Berukut kutipan dari www.jatimnews.com yang bersumber pada www.kompiwin.com.
KEJAYAAN AKSARA JAWA DI ZAMAN KLASIK
Sejarah aksara Jawa dapat ditelusuri hingga zaman klasik di Jawa Tengah dan Timur pada abad ke-9 hingga ke-14. Pada masa itu, aksara Jawa digunakan untuk menulis berbagai jenis teks, mulai dari literatur, naskah keagamaan, hingga prasasti. Kehadiran aksara Jawa menjadi bukti kemajuan peradaban di wilayah Jawa pada masa tersebut.
CIRI KHAS AKSARA JAWA
Aksara Jawa memiliki bentuk-bentuk unik yang berbeda dari aksara-aksara lain di Nusantara.
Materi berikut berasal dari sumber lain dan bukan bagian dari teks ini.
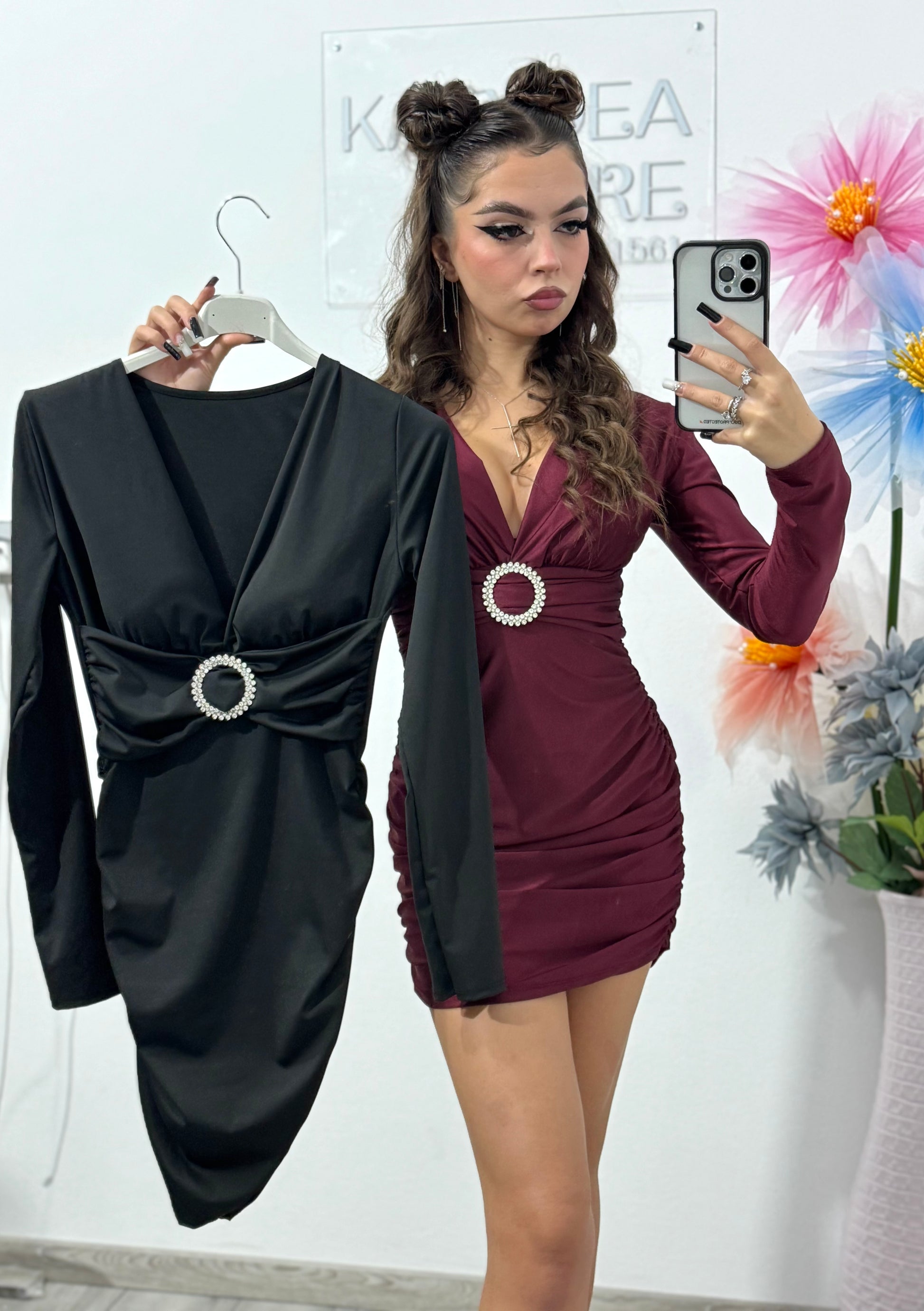 ✨ Detaliul central al rochiei este catarama cu cristale argintii plasată în talie — un accent prețios care atrage privirea și adaugă o notă de strălucire. Catarama evidențiază talia și creează un efect elegant, transformând rochia într-o piesă cu personalitate.

Bentuk aksara ini mengandung unsur-unsur geometris dan melengkung, yang memberikan kesan estetika yang khas. Aksara Jawa memiliki total 20 aksara vokal dan 32 aksara konsonan, serta memiliki bentuk baku dan bentuk sandangan.
PERKEMBANGAN DAN EVOLUSI
Aksara Jawa mengalami perkembangan dan evolusi seiring berjalannya waktu. Pada awalnya, aksara ini digunakan secara luas dalam teks-teks klasik, termasuk kitab-kitab keagamaan seperti Ramayana dan Mahabharata yang diterjemahkan ke dalam Bahasa Jawa. Namun, seiring masuknya pengaruh bangsa Eropa, aksara Jawa tergantikan oleh aksara Latin. Sekarang Aksara Jawa menjadi asing yang lebih asing daripada aksara asing.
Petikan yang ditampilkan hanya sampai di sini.